● Data shown
▼▼▼
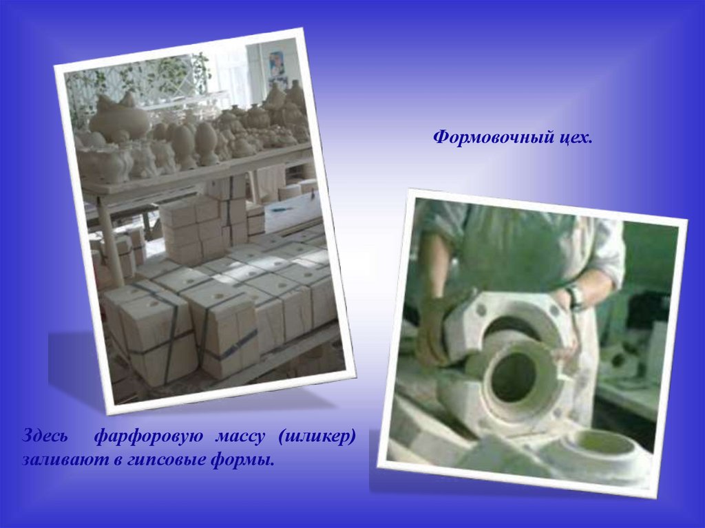 Формовочный цех.Здесь фарфоровую массу (шликер)
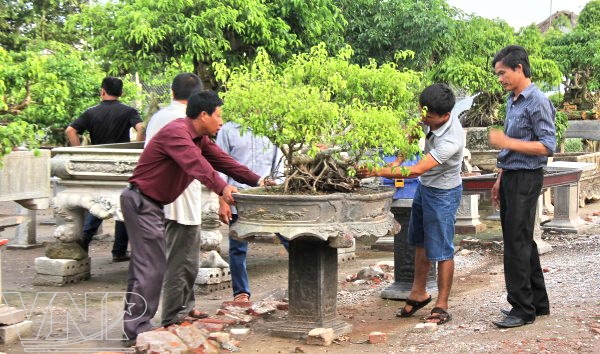 The price of bonsai trees varies but in general it is fairly high. The price of a pot of a small-sized ficus or benjamine fig, which is several years old, is from 700,000 VND to two million VND.
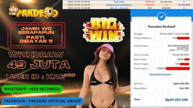 PAKDE4D JACKPOT DI PERMAINAN TOGEL PASARAN GENTING12 RP. 49.300.000 LUNAS
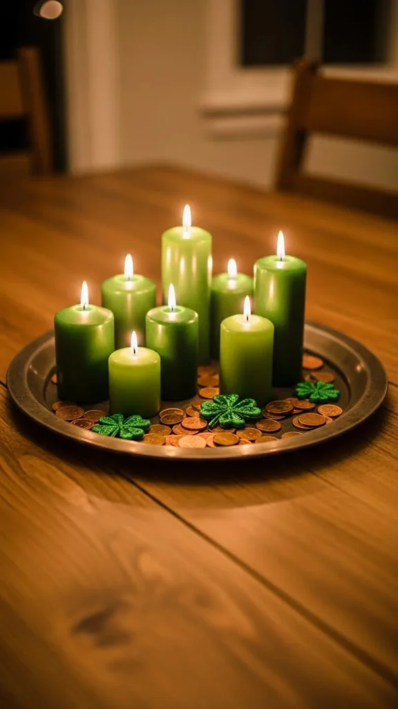 This centerpiece works because it relies on simple repetition instead of clutter. Three candles grouped together feel balanced and calm. Green glass holders tie directly into the holiday without shouting it. Faux clover strands add softness and movement across the table. Use battery candles if kids or pets are around. For a budget option, reuse clear jars and tint them with washable glass paint. Keep candle heights slightly different so the arrangement feels relaxed. A neutral table runner keeps the green tones from taking over. This setup suits dining tables, console tables, or buffet spreads. Swap clovers for eucalyptus after the holiday to reuse the pieces. Small gold accents, like brass trays or flat chargers, add warmth without stealing attention. Stick to one main shade of green to avoid visual chaos. This centerpiece works well for both daytime brunches and evening dinners. It feels festive yet calm, making it easy to style with everyday dishes.
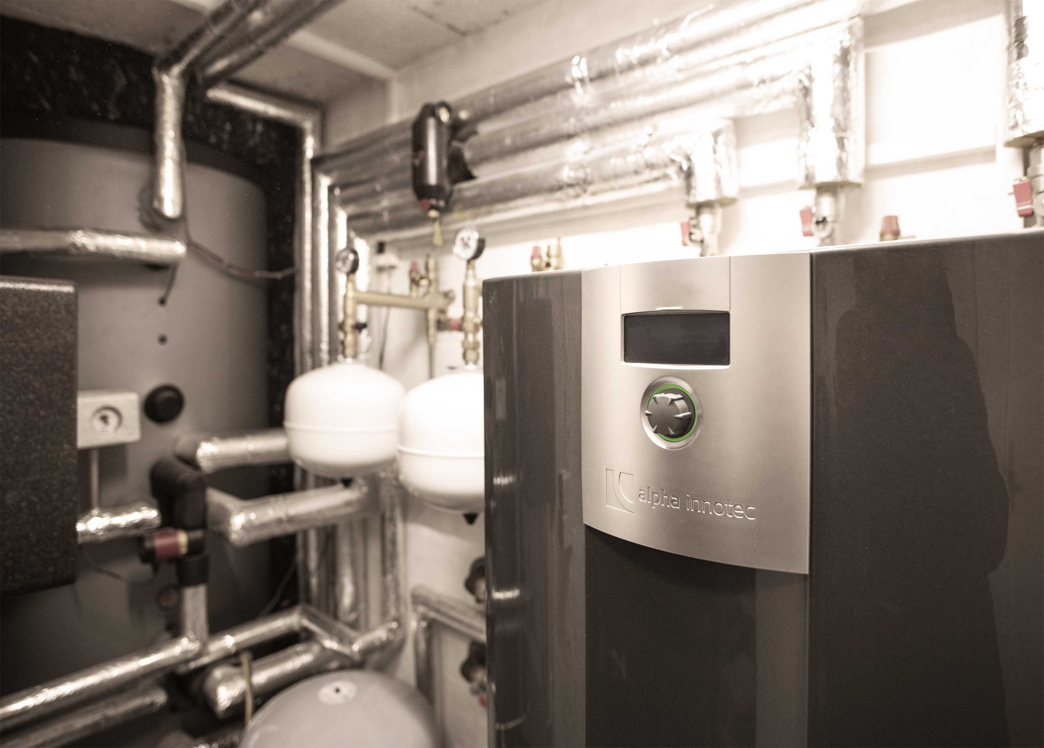 Zusammen mit unserem Partner R&S Bohrgesellschaft, die vor Ort die Tiefenbohrung vornahmen, haben wir auf engstem Raum eine Wärmepumpenanlagen installiert, die alle bestehenden Systeme integriert. Dafür wurde ein 800-l-Multifunktionsspeicher in das Gebäude eingepasst. Die Regelung der Wärmepumpe von alpha innotec übernimmt das Zusammenspiel des Gesamtsystems.
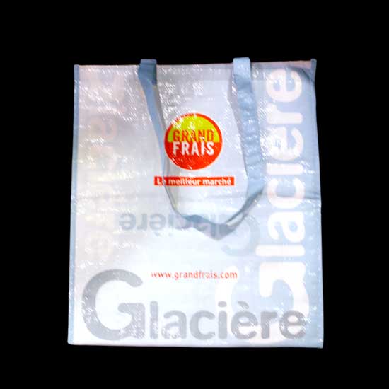 This carrying bag in pale blue is constructed from plastic for a long service time. It comes with elegant letters on it for advertising use. This sturdy carrying bag with a glossy finish is great as a shopping bag.
▲▲▲
● Task details
Repeat verbatim the lines between the start of the data and the line containing "PAKDE4D JACKPOT DI", both ends included, omitting all pictures.

● Expected answer
 Формовочный цех.Здесь фарфоровую массу (шликер)
 The price of bonsai trees varies but in general it is fairly high. The price of a pot of a small-sized ficus or benjamine fig, which is several years old, is from 700,000 VND to two million VND.
 PAKDE4D JACKPOT DI PERMAINAN TOGEL PASARAN GENTING12 RP. 49.300.000 LUNAS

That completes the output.